Friday, May 22, 2015

World No Tobacco Day: A brief review

Want to watch an early television public service announcement warning about smoking? Read up on local no-spitting-of-tobacco laws?

World No Tobacco Day: A brief review

(World Health Organization)
(World Health Organization)

It was a half-century ago that the U.S. Surgeon General's Report on Smoking and Health alerted Americans to the risks of smoking. You can read the entire document here. The report's history is a featured exhibit at the Lyndon Baines Johnson Presidential Library in Austin, Texas.

Did you know that the ban on radio and television cigarette advertising began on April 1, 1970, with legislation signed by President Nixon? Here is an early televised public service announcement warning about smoking. For some background on early tobacco regulation—such as local no-spitting-of-tobacco laws—check out this online exhibit from the Kansas Museum of History.

Tobacco use kills six million people worldwide every yearand that is why the World Health Organization sets aside a day, May 31, to highlight the risks and to advocate for policies to reduce consumption. WHO makes no secret of its goal: raising taxes on tobacco. In the United States, federal and state taxes on tobacco have gone up and smoking rates have gone down. But more than 18 percent of American adults still smoke and suffer the consequences. There are consequences for non-smokers, too, including billions of dollars spent on medical care and lost productivity. Quitting is hard; nicotine is highly addictive.

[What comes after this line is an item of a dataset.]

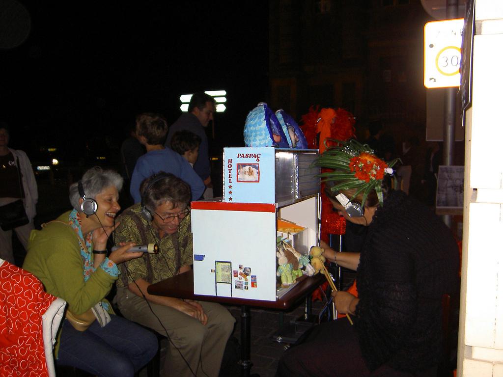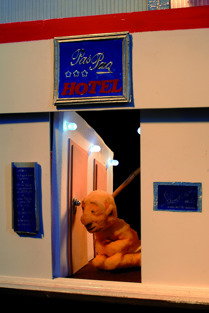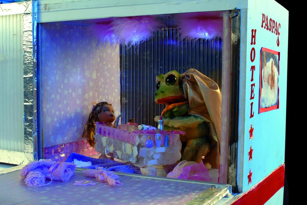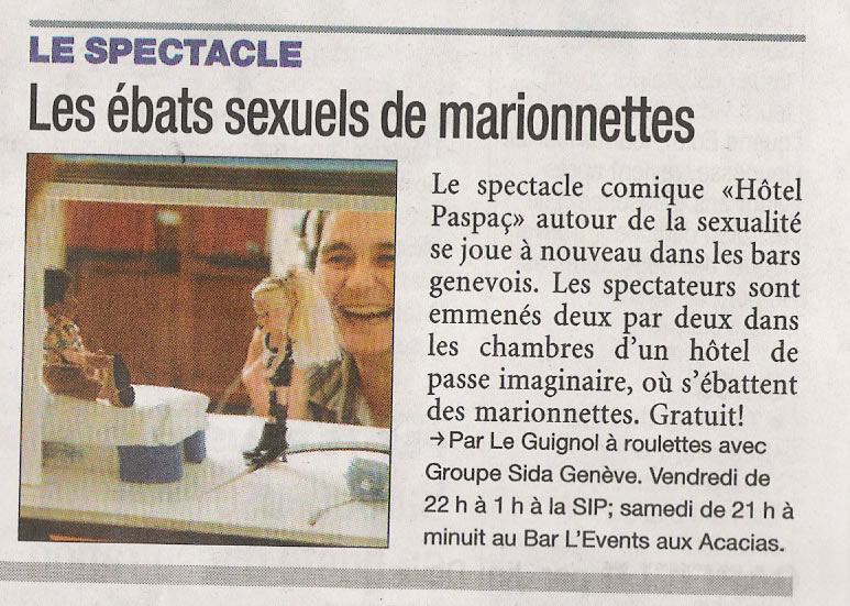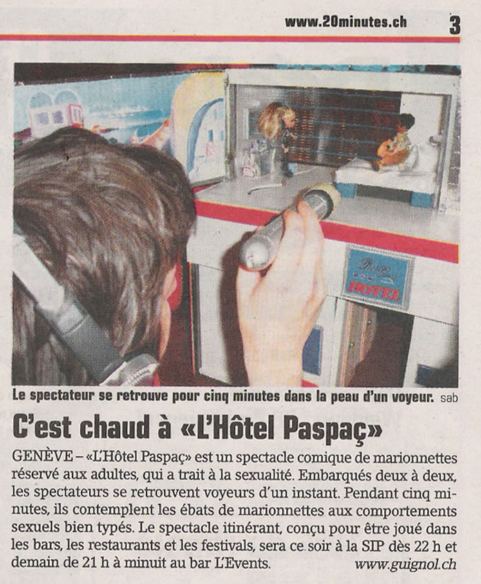 Léger et mobile, « Hôtel Paspaç » est un spectacle comique pour adultes, conçu pour être joué dans les bars, les restaurants, les festivals… Autour d’un entre-et-sort de 5 minutes pour 20 marionnettes et 2 spectateurs, Felix et Zelda Paspaç animent la soirée sur le thème de la sexualité. L’action se déroule le dimanche après-midi, dans un hôtel dont les chambres abritent les ébats variés de nombreux personnages aux comportements sexuels bien typés. Embarqués deux à deux, les spectateurs se retrouvent voyeurs d’un instant. Ils glissent côte à côte au long des couloirs et des cloisons, apercevant en un clin d’œil l’étonnante variété des genres de l’amour chez la marionnette.

Help is available. For information go to smokefree.gov. The Pennsylvania Free Quitline number is 1-800-QUIT-NOW, or click here for information. The New Jersey Free Quitline number is 1-866-NJSTOPS, or click here. The Delaware Free Quitline is 1-866-409-1858, or click here.

The American Lung Association has some great advice as well, including a discussion of tobacco cessation treatments covered under Medicare, Medicaid, the Affordable Care Act, employer-sponsored health care and even for the uninsured. Check it out here.

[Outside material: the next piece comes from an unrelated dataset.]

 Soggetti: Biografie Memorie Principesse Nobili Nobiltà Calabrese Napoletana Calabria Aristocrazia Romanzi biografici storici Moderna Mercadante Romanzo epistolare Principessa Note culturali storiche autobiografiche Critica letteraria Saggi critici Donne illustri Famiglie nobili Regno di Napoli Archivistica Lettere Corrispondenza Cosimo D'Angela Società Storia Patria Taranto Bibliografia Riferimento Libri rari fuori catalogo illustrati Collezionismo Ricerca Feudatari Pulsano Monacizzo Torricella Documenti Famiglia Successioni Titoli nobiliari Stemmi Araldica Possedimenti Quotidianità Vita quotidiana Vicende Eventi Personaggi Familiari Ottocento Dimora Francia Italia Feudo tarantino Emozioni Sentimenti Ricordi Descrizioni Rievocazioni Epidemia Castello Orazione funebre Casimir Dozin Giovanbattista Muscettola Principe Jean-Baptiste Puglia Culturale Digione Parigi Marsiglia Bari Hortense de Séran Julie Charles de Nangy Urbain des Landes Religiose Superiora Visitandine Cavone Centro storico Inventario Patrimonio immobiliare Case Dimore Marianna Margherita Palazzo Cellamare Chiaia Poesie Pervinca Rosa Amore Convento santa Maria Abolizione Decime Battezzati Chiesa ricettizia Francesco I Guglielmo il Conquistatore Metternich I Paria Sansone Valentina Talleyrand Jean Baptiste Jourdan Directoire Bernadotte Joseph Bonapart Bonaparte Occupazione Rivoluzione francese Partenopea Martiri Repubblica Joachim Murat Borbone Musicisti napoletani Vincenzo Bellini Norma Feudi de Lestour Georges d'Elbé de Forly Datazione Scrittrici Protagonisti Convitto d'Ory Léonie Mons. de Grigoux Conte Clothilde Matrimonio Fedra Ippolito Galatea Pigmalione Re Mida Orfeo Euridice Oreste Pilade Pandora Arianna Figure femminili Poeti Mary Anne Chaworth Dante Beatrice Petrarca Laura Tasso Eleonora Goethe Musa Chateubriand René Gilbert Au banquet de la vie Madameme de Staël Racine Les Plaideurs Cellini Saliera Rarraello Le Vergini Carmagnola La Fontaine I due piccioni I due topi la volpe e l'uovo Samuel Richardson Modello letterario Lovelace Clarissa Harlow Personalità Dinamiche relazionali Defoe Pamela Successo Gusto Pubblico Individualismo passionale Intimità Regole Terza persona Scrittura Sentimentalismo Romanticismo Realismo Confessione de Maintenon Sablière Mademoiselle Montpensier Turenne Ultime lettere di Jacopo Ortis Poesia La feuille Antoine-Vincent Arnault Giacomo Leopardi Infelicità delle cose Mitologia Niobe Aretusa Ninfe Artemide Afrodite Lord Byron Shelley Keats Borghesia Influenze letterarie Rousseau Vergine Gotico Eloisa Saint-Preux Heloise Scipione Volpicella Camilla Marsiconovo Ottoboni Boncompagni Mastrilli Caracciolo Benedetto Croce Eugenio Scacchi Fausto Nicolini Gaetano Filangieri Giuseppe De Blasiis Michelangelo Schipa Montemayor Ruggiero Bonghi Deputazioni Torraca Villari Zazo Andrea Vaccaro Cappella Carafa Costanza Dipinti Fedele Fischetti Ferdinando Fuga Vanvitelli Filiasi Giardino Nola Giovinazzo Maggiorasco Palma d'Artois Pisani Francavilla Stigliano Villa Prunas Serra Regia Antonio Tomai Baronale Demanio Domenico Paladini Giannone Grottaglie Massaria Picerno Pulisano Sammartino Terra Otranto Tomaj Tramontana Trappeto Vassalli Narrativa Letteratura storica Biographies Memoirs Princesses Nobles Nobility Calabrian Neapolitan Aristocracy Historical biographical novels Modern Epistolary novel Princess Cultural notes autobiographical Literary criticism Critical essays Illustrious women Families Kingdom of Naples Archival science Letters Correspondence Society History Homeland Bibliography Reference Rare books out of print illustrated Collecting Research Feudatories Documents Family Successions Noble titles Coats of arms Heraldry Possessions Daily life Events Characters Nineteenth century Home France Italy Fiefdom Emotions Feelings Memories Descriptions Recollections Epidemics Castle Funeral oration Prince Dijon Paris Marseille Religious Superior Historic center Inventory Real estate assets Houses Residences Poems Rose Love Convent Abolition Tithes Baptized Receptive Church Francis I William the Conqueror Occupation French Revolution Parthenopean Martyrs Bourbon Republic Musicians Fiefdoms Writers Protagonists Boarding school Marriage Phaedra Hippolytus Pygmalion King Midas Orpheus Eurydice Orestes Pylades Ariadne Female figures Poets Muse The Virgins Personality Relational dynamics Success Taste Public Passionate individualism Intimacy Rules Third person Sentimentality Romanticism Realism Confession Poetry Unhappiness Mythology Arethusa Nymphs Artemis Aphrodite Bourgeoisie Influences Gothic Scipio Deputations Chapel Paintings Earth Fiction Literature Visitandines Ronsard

Read more about The Public's Health.

Professor of history, Rutgers University-Camden
About this blog

What is public health — and why does it matter?

Through prevention, education, and intervention, public health practitioners - epidemiologists, health policy experts, municipal workers, environmental health scientists - work to keep us healthy.

It’s not always easy. Michael Yudell, Jonathan Purtle, and other contributors tell you why.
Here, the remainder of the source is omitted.